Listed entries section start
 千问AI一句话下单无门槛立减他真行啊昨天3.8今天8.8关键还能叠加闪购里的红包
Listed entries section end
Listed entries section start
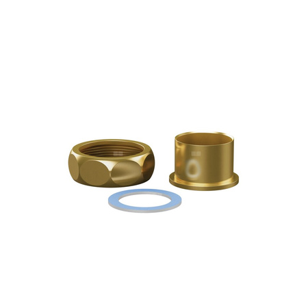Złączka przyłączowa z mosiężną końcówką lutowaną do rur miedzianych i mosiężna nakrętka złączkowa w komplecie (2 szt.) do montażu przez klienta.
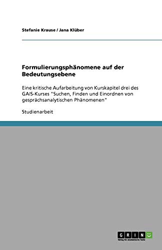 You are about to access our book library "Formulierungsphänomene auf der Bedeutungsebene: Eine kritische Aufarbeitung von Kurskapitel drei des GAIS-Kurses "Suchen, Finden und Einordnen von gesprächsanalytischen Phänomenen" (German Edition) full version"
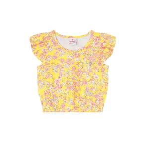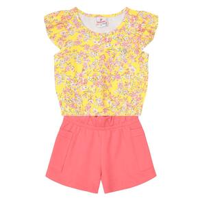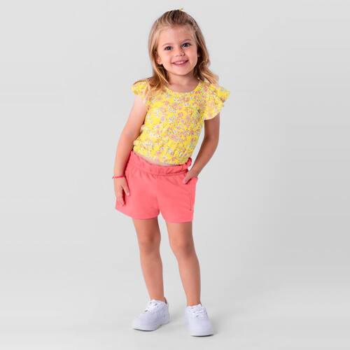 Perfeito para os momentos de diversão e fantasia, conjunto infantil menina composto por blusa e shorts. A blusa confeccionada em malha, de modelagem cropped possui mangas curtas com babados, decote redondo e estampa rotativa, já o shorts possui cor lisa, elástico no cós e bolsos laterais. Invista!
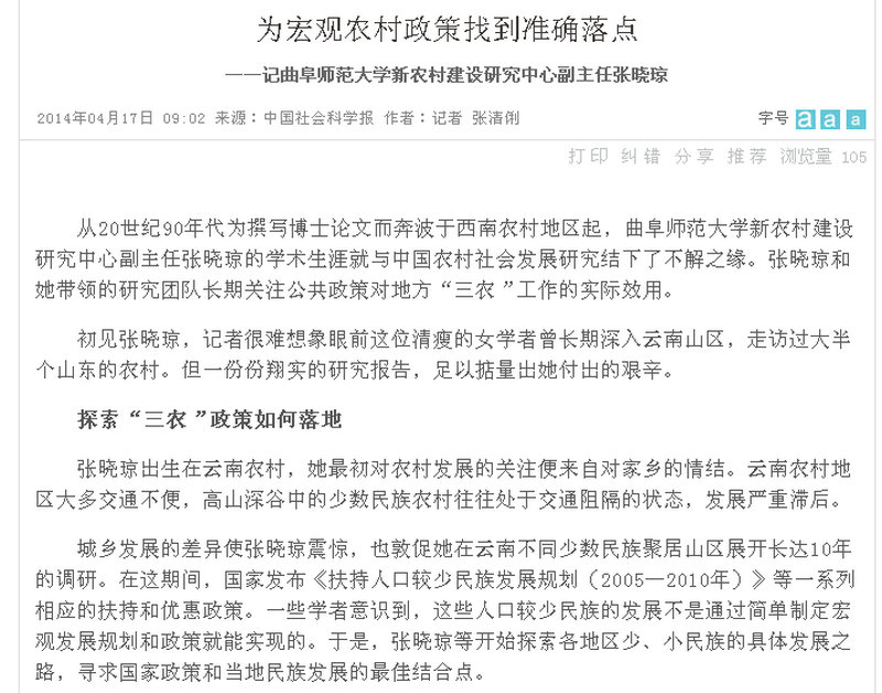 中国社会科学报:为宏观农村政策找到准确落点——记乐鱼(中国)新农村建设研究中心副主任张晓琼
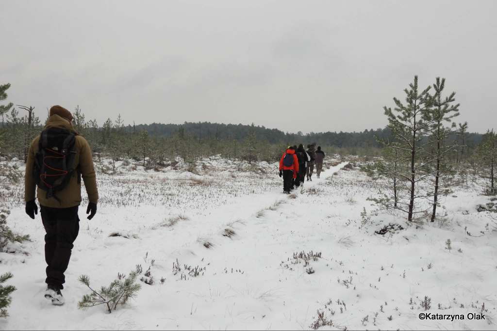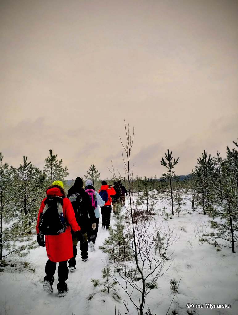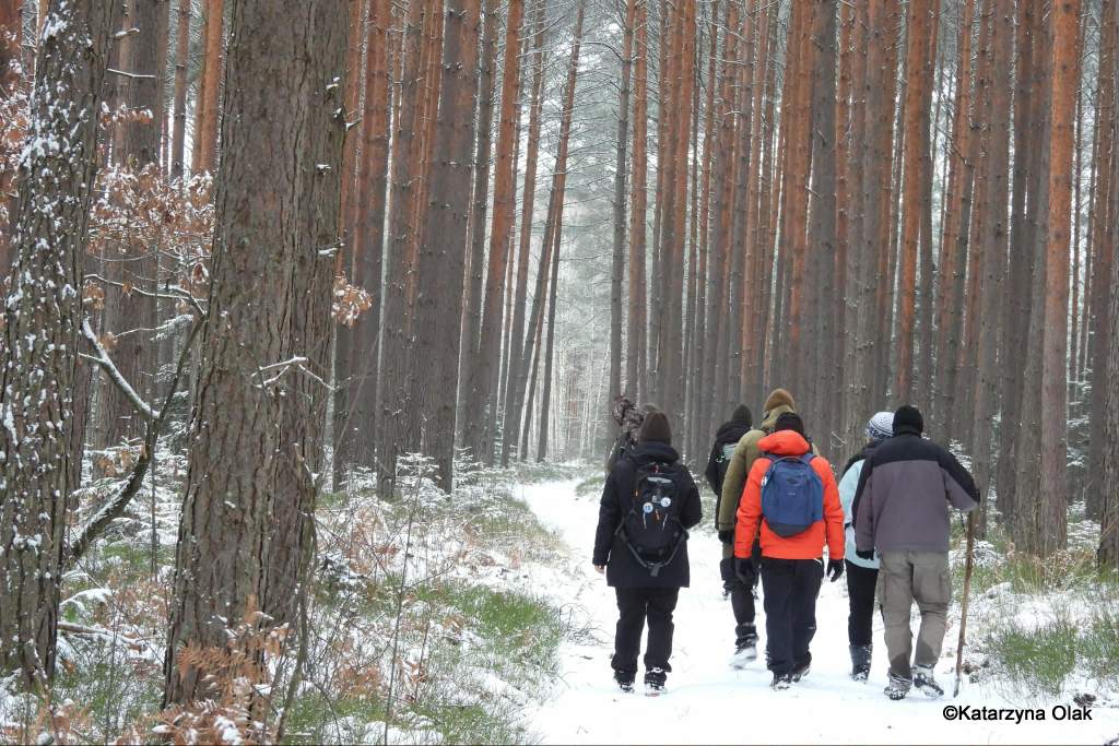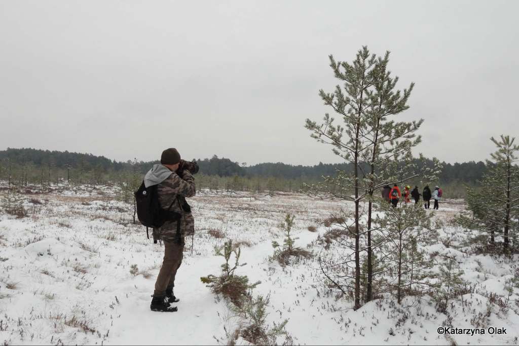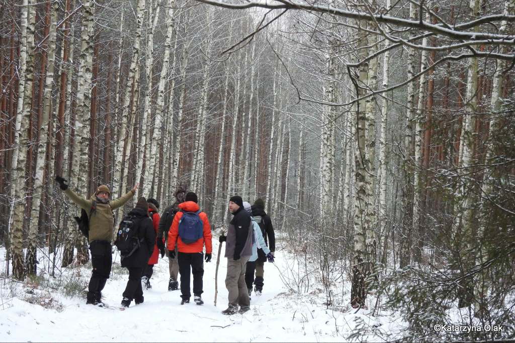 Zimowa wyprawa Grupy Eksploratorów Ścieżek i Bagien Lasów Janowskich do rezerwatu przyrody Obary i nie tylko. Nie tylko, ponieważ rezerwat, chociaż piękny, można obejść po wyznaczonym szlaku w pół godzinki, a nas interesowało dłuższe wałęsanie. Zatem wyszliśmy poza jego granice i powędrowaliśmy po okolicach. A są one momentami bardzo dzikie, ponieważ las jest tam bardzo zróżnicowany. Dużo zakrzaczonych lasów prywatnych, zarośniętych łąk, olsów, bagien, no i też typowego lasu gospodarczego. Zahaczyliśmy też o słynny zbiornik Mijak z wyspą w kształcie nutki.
Listed entries section end
Listed entries section start
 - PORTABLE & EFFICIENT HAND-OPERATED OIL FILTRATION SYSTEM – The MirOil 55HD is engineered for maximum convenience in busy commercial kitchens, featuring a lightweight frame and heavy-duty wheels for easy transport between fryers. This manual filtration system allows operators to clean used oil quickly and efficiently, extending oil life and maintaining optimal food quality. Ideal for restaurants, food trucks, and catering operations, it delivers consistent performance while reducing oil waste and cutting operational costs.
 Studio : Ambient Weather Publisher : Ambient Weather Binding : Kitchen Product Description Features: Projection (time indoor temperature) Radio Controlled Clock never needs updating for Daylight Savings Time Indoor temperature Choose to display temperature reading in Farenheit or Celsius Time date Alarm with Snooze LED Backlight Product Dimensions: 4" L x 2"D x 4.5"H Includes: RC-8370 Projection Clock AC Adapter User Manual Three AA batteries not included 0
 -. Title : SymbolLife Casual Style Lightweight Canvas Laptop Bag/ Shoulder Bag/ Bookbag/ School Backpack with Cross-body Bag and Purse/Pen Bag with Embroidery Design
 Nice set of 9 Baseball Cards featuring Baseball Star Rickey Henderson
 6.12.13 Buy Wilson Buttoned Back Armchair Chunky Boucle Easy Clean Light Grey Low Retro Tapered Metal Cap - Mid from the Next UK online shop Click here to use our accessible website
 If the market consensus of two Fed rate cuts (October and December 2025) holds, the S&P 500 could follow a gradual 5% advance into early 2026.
Listed entries section end
Work item: Write out, word for word, the stretch of entries that begins at the line with "Złączka przyłączowa z" and ends at the line with "Zimowa wyprawa Grupy". Pictures do not belong in it.

Response below:
Złączka przyłączowa z mosiężną końcówką lutowaną do rur miedzianych i mosiężna nakrętka złączkowa w komplecie (2 szt.) do montażu przez klienta.
 You are about to access our book library "Formulierungsphänomene auf der Bedeutungsebene: Eine kritische Aufarbeitung von Kurskapitel drei des GAIS-Kurses "Suchen, Finden und Einordnen von gesprächsanalytischen Phänomenen" (German Edition) full version"
 Perfeito para os momentos de diversão e fantasia, conjunto infantil menina composto por blusa e shorts. A blusa confeccionada em malha, de modelagem cropped possui mangas curtas com babados, decote redondo e estampa rotativa, já o shorts possui cor lisa, elástico no cós e bolsos laterais. Invista!
 中国社会科学报:为宏观农村政策找到准确落点——记乐鱼(中国)新农村建设研究中心副主任张晓琼
 Zimowa wyprawa Grupy Eksploratorów Ścieżek i Bagien Lasów Janowskich do rezerwatu przyrody Obary i nie tylko. Nie tylko, ponieważ rezerwat, chociaż piękny, można obejść po wyznaczonym szlaku w pół godzinki, a nas interesowało dłuższe wałęsanie. Zatem wyszliśmy poza jego granice i powędrowaliśmy po okolicach. A są one momentami bardzo dzikie, ponieważ las jest tam bardzo zróżnicowany. Dużo zakrzaczonych lasów prywatnych, zarośniętych łąk, olsów, bagien, no i też typowego lasu gospodarczego. Zahaczyliśmy też o słynny zbiornik Mijak z wyspą w kształcie nutki.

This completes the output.